FEMA and CBP announced in a rare joint statement that they would work together to detain the domestic shipment of N95 respirators, surgical masks and gloves diverted for foreign export.

“COVID-19 has exposed the weakness of our supply chain infrastructure,” said Brock Long, executive chairman of Hagerty Consulting Group and a former FEMA administrator. “The private sector owns a majority of the infrastructure that we rely on.”

Preparing for the next disaster

The 2019 North Atlantic hurricane season had 18 named storms, six hurricanes, and three major hurricanes, according to NOAA, the agency responsible for monitoring major weather systems that could impact the U.S.

The first predictions for the 2020 hurricane season are expected from NOAA towards the end of May.

Around this time, FEMA would normally begin preparations for hurricane season. But the agency is deeply involved in addressing complaints from several state governors about supplies that haven’t arrived.

“A majority of the requests the governors are requesting from FEMA cannot be fulfilled because the materials don’t exist,” Long said. “We don’t need a bigger FEMA to overcome a pandemic next time, we need stronger infrastructure support.”

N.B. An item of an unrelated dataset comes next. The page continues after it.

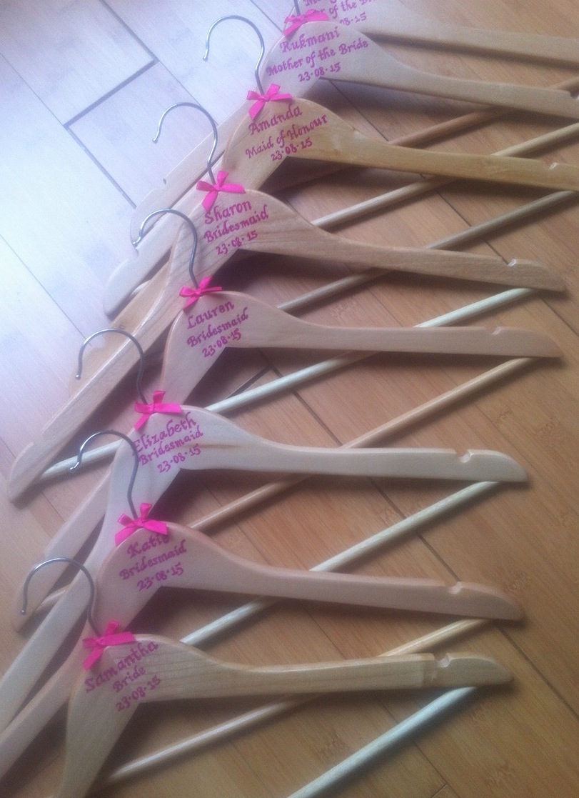 I made the deadline. The bride-to-be LOVED the hangers, thank God – which didn’t turn out too badly in the end, even if I do say so myself! – and was sweet enough to send me some pics. Just shows what you can achieve with a little effort (and a lot of rosé). : )

With just another month to the official start of hurricane season a little more than a month away FEMA officials are already trying to figure out what shelter in-place rules would look like in the event of a major hurricane or flooding situation.

“We are working with our partners on these efforts, including our new guidance on non-congregate sheltering to be able to support state and local efforts as they address these issues,” said a FEMA spokesperson.